Deriving the Heat Equation with Exponential Term: Can We Solve for exp(theta)?

[squaremeplz]

Homework Statement

I'm having trouble deriving the following equation

[tex] \frac {\partial^2 {\theta}}{\partial {x'^2}} = -y^2*exp(\theta) [/tex]

and y = x/x'

my main problem is the exponent

Homework Equations

The Attempt at a Solution

Normally i would use the equation

(x')'' + k^2*x' = 0

x' = c1 * cos(kx') + c2 * sin (kx')

can I rearrange the equation as

[tex] \frac {\partial^2 {\theta}}{\partial {x'^2}} + y*exp(\theta) = 0 [/tex]

and solve for exp(theta)?

 

[lanedance]

what are you trying to derive? do you mean solve the differntial equation

and what does y = x/x' represent? what is x differentiated w.r.t in the equation to give x' ?

 

[squaremeplz]

ok, so ignore the first post please

the equation is

[tex] \frac { d^2 \theta }{d x'^2 } = -y *exp(\theta) [/tex] eq. 1

first off, this is a steady state model. meaning, we consider the pre-explosion temperature to be small in comparison with the absolute temperature of the walls:[tex] \frac {\Delta T}{T} << 1 [/tex]
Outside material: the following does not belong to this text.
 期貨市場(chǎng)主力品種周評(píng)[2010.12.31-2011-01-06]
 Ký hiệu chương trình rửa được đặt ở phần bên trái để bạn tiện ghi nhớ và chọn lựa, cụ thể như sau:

2nd, the reaction rate only depends on the deperature in accordance with exp(-E/RT)

3rd we regad the thermal conductivity of the walls as being infinitely large.
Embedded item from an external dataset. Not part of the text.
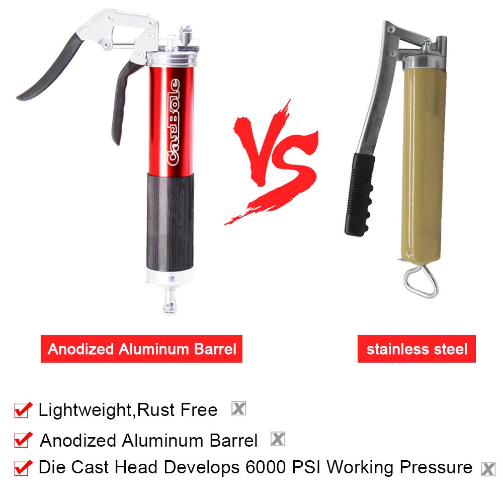 Смазочные пистолеты не всегда такие красивые, как этот. Не позволяйте красивой внешности обмануть вас-это все дело под этой сексуальной красной кожей. Он может откачивать товары при температуре до 4500 фунтов на кв. дюйм, что делает возможным впрыскивание чистой смазки в очень ограниченное пространство. Алюминиевый корпус экономит вес по сравнению с традиционными стальными моделями, а привод рукоятки пистолета создает множество рычагов для комфорта в течение всего дня. Резиновая втулка на корпусе обеспечивает дополнительное сцепление в скользких ситуациях. Загрузите его с картриджем или насыпью-выбор за вами. В комплекте со смазочным пистолетом 940798 входит металлическая прямая труба, гибкий шланг 12 дюймов и фитинг для смазки. Очень гладкий!Особенности:1. Изготовлен из высококачественного материала, прочный и долговечный2. Длительный срок службы3. Высокая эффективность и стабильная производительность4. Текстурированная резиновая нескользящая ручка, удобная для захвата5. Качественная работа и высокое качество6. Легко работатьИспользуется стандартный картридж 14 унцийСверхпрочная алюминиевая анодированная канистраВключает 12 "гибкий шланг и 5-1/2" металлический удлинитель с соединителемРучка с резиновым покрытием обеспечивает лучший захват и рычагРукоятка крышки пистолета обеспечивает вертикальную работу и превосходный комфортХарактеристики:Бренд: карболМодель: GRG001Посылка: 47 смПосылка: 14,5 смПосылка: 7,5 смВес: 1,18 кг 1. Гибкий шланг: гибкий шланг 12 дюймов и металлический удлинитель 5-1/2 дюймов с соединителем2. Торцевая чашка: съемная Торцевая крышка с положительным замком3. Двухсторонняя Загрузка: Стандартный картридж объемом 14 унций4. Усиленный шланг: тройной усиленный шланг 12 дюймов с пружиной катушки, предотвращающей закручивание5. Материал: сверхпрочная 4-кулачковая муфта с защитной крышкой из ПВХ и корпусом из анодированного алюминия6. Особенности: Текстурированная резиновая нескользящая ручка7. Рабочее давление: 4500 фунт/кв. Дюйм8. Цвет: красный и синий

x' = x/r is the nondimensionalization of x, r is the half length (i.e radius for cylinder), not the derivative, for -L < x < L we have -1 < x' < 1. x' drops unit (i.e m, cm, ..)

theta is the nondimensionalization of temperature [tex] \theta = \frac {E}{RT^2_a} *(T - T_a) [/tex]
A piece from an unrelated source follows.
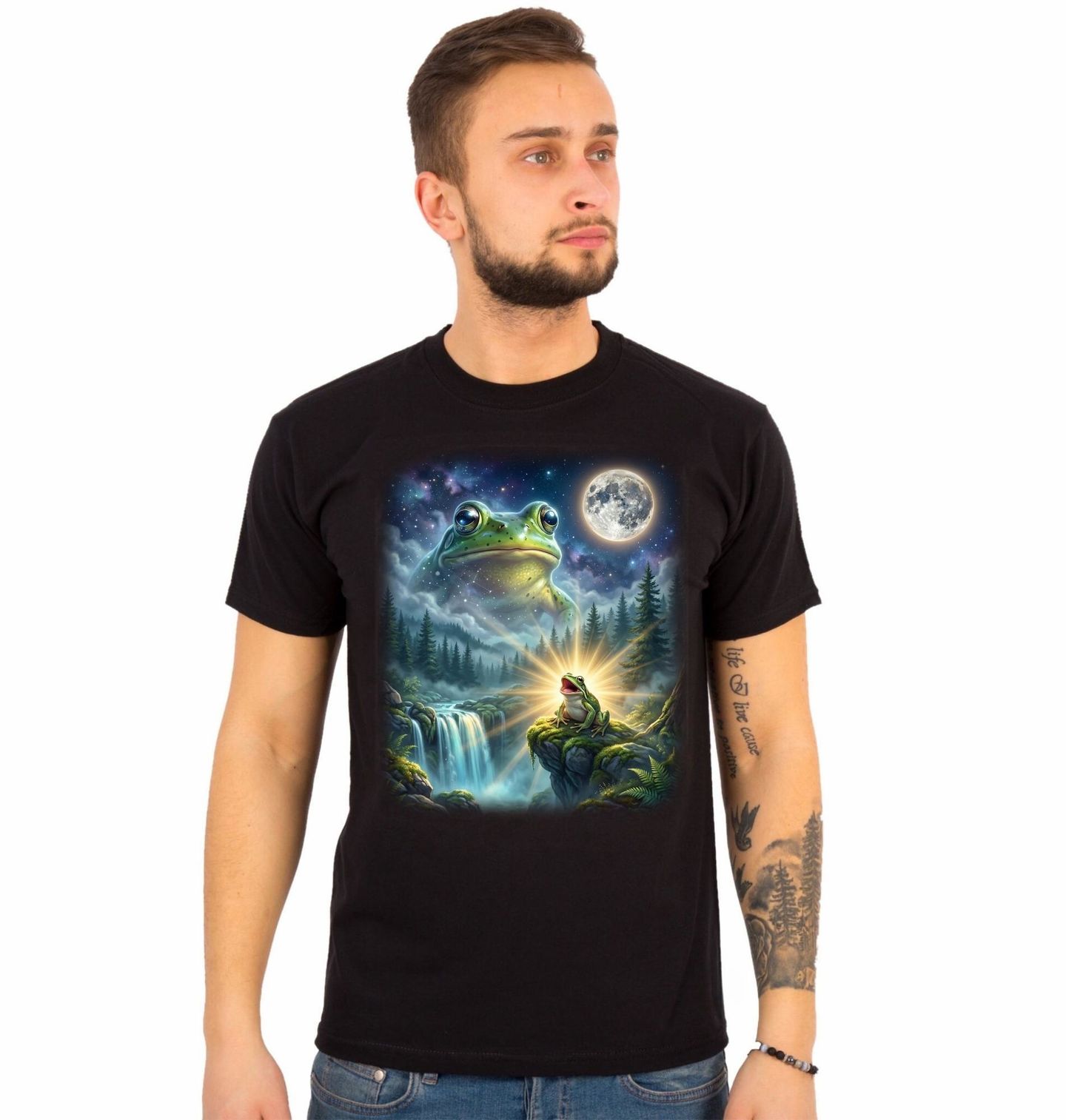 Pánské tričko Žába vyjící na Měsíc. Nechte se unést do světa fantazie s tímto jedinečným motivem, kde hlavní roli hraje magická žába v kouzelné noční krajině. Pod zářícím měsíc stojí na skále malá žába, zatímco nad ní se vznáší její obří mystická podoba, která dodává celé scéně snový a až nadpozemský nádech.

y (although i used a different variable) is known as the frank kamenetskii parameter

[tex] y = \frac {Q}{d}*\frac {E}{R*T^2_a}*r^2*z* exp(\frac {-E}{RT_a}) [/tex]

E: activation energy
T_a: ambient temperature
Q: heat released
z: frequency of particle collision
r: radius or half width (depending on geometry)
R: gas constant
d: thermal conductivity

all uniform except Q, i think..

the book solves the differential equation 1, analytically, for a function [tex] \theta = f(y,x') [/tex] in case of high activation energy E. RT<<E

the book gives the following result.

[tex] exp(\theta) = \frac {a}{cosh^2(b \frac{+}{-} \sqrt \frac{a*y}{2} * x')} [/tex]

im just trying to figure out what steps I need to take in order to arrive at the last solution.

 

[squaremeplz]

theta is the nodimensialization of the temperature.